Personal information
- Full name: William Robert Marshall Cockburn
- Born: 26 April 1891 Paisley, Renfrewshire, Scotland
- Died: 1 September 1957 (aged 66) Winchester, Hampshire, England

Domestic team information
- 1921: Scotland
- Source: CricketArchive, 31 December 2007

= William Cockburn (banker) =

Scottish banker and cricketer (1891–1957)

Sir William Robert Marshall Cockburn (26 April 1891 – 1 September 1957) was a Scottish banker who spent most of his career with the Chartered Bank of India, Australia and China. He became the bank's managing director from 1940 to 1955.

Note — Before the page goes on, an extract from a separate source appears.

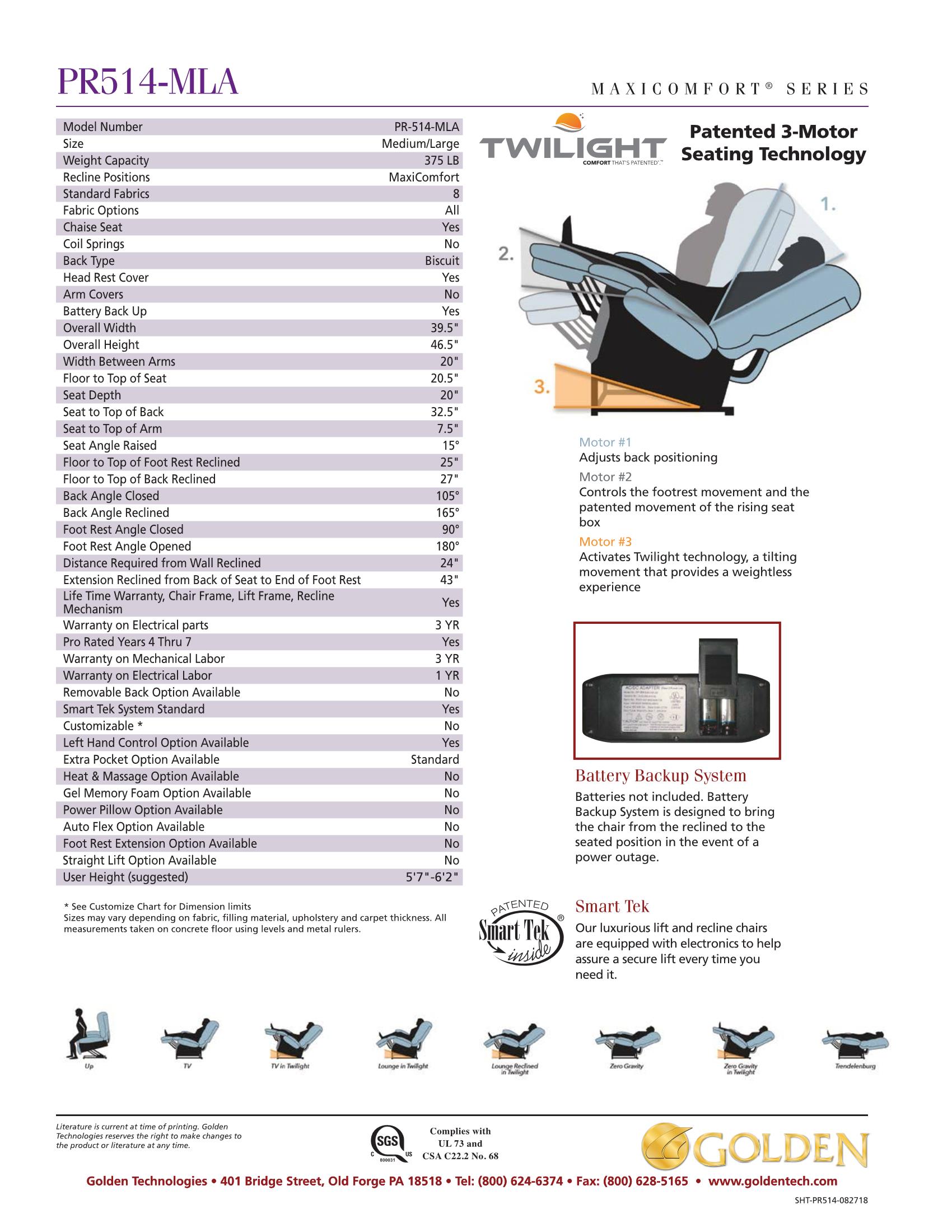 The Golden Technologies Twilight https://phoenix-electropedic.com/Twilight.html offers infinite position, zero gravity and the new Ultimate Reverse Trendellenburg position for circulatory problems, varicose veins, muscle cramps . . . .and too ship the weight and pressure off your tail bone. Selecta Golden Technology Twilight Lift Chair for your personal use, and take a health break.

Cockburn also had a brief career as a cricketer. He played once for the Scotland national cricket team in 1921.

== Early life ==
Cockburn was born on 26 April 1891 in Paisley, where his father George Cockburn was a schoolmaster. He was educated at Paisley Grammar School and at the Glasgow High School.

In 1908, aged 16, he became an apprentice at the Union Bank of Scotland, before joining the Chartered Bank in 1911.

== Career ==
Cockburn's career with the bank took him overseas, firstly as a cadet in the banks branches on the coast of China.

He then held various posts across Southeast Asia and the East Asia, serving with the bank in Indo-China, Malaya, Japan and China. In 1934 he became manager of the bank's branch in Shanghai.

He returned to the United Kingdom in 1936 or 1937, when he became assistant general manager of the Chartered Bank. He was promoted in 1940 to become chief general manager, and held that post for until 1955, when he retired to become a director of the bank.

The 15 years of Cockburn's tenure as general manager included both World War II and the subsequent reconstruction of the Far East. In a few months at the end of 1941 and early 1942, two thirds of bank's eastern branches fell to the Japanese conquest of Asia, and were sequestrated.

Cockburn was recognised as an expert on the economies of Asia, especially of China. He served as Chairman of the Eastern Exchange Banks Association and the British Overseas Banks Association, as vice-president of the British Bankers' Association and as president of the Manchester and District Institute of Bankers.

Cockburn was knighted in the 1955 New Year Honours list.
The title was conferred 18 March 1955.

== Cricket ==
Cockburn played three times for the Federated Malay States against the Straits Settlements between 1919 and 1921, before playing his only match for Scotland, a first-class match against Ireland in August 1921. He died in Winchester on 1 September 1957.

== Death ==
Cockburn, who lived at Twyford in Hampshire, had a succession of serious illnesses in the last 20 years of his life.
He died aged 66 on 1 September 1957,
and was survived by his wife and a daughter.
His funeral was held at St Johns crematorium in Woking.